Page MenuHomePhabricator

Fix for the OCL/LC to failure on some OCLPerf tests
Needs ReviewPublic

Authored by alex-t on May 29 2019, 11:25 AM.

Details

Reviewers
rampitec
nhaehnle
Summary

The reason is: uniform value that is defined inside the loop body and used outside the loop must be treated as divergent if loop has at least one divergent exit.

Diff Detail

Event Timeline

alex-t created this revision.May 29 2019, 11:25 AM
alex-t added a subscriber: llvm-commits.
rampitec added inline comments.May 29 2019, 11:51 AM
lib/Analysis/LegacyDivergenceAnalysis.cpp
112 ↗(On Diff #202000)

Describe the return value.

180 ↗(On Diff #202000)

Given that pass only runs when TTI.hasBranchDivergence() this change seems reasonable to me. I do not really believe an index of a loop with the divergent condition is uniform. It is only uniform across the enabled lanes, but not across of the whole wave. Basically you make it divergent or uniform depending on uses, which makes it a semi-uniform value, more or less. I think this logic needs a better description though.
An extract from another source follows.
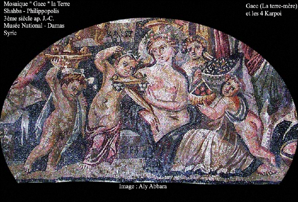 - Le groupe central bas est composé de la déesse-mère, Gê (la Terre) assise à terre, la torse nue, la tête coiffée de calathos et la moitié inférieure du corps est recouverte par le voile bouffant d'Atargatis. La déesse Terre est entourée de quatre enfants portant chacun un plat chargé de fruits, ce sont les Karpoi.

alex-t updated this revision to Diff 202152.May 30 2019, 4:37 AM
alex-t marked an inline comment as done.

Added comments describing the reason for the change.

Herald added a project: Restricted Project. · View Herald TranscriptMay 30 2019, 4:37 AM
Herald added a subscriber: hiraditya. · View Herald Transcript
alex-t added inline comments.May 30 2019, 4:37 AM
lib/Analysis/LegacyDivergenceAnalysis.cpp
180 ↗(On Diff #202000)

Since all threads of the wavefront that are live in the loop body observe same value. Thus, formally the value is uniform. The user outside the loop in LCSSA is, again formally, uses another value - LCSSA PHI-node, that is divergent. The problem arises when converting LCSSA back to normal form we insert the copy SGPR to VGPR.

The truth is that the value inside the loop is uniform but NOT scalar!

The proper fix would be to split the decision by two independent parts:

  1. Is the value uniform - !DA->isDivergent(V)
  2. Is it SALU or VALU: TargetLowering::isVALU(V) - this should check out-of-divergent-loop-users and as much other conditions as is necessary for the target.
alex-t marked 2 inline comments as done.May 30 2019, 4:37 AM
This revision is now accepted and ready to land.May 30 2019, 8:41 AM

In general I see the issue this way: there is no binary answer if value is divergent or uniform. It can be uniform across some scope: some number of lanes, active lanes, wave, workgroup, or even a whole program. So you need a wave uniform value, where DA returns uniformness across active lanes, which is less.

So in the future we need to consider returning uniformness scope from isUniform() instead of a bool.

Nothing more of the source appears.